### Supplied information
——

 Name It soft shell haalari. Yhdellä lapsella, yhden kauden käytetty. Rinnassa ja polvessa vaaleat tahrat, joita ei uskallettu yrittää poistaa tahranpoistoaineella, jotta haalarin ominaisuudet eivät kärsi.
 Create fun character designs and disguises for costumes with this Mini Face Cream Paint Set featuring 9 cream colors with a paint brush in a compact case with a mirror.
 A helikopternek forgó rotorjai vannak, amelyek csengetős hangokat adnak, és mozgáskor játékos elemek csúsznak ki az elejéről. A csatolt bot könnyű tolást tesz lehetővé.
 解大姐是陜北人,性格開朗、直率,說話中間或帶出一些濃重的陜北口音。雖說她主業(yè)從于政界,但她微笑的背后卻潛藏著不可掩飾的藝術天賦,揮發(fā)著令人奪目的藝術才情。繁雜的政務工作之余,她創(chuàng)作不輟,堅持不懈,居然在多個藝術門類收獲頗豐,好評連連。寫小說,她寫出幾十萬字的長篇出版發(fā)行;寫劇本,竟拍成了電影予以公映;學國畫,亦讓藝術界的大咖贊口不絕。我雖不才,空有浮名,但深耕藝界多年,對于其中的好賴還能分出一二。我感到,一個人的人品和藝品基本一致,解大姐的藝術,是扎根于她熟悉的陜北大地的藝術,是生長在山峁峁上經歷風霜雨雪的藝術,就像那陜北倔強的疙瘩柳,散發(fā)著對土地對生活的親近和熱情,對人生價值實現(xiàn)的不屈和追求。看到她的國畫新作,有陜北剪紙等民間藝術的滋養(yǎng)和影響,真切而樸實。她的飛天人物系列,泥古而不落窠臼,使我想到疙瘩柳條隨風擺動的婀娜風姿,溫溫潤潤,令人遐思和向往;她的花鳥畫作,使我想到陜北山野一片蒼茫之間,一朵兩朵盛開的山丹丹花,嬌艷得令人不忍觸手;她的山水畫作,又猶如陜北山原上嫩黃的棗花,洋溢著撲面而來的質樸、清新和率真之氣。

——

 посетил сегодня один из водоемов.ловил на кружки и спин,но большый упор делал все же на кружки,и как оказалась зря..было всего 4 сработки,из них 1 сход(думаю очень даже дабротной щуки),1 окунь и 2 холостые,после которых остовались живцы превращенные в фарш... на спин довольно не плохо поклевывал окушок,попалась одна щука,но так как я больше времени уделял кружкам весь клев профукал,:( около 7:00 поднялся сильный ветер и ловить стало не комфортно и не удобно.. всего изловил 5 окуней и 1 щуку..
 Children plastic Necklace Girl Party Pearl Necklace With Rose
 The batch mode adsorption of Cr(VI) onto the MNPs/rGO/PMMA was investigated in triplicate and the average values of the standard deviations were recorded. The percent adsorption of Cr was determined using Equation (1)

——

All that belongs in the answer is the run of lines above from the line containing "Name It soft" through the line containing "A helikopternek forgó", exactly as written.

### Exercise result
 Name It soft shell haalari. Yhdellä lapsella, yhden kauden käytetty. Rinnassa ja polvessa vaaleat tahrat, joita ei uskallettu yrittää poistaa tahranpoistoaineella, jotta haalarin ominaisuudet eivät kärsi.
 Create fun character designs and disguises for costumes with this Mini Face Cream Paint Set featuring 9 cream colors with a paint brush in a compact case with a mirror.
 A helikopternek forgó rotorjai vannak, amelyek csengetős hangokat adnak, és mozgáskor játékos elemek csúsznak ki az elejéről. A csatolt bot könnyű tolást tesz lehetővé.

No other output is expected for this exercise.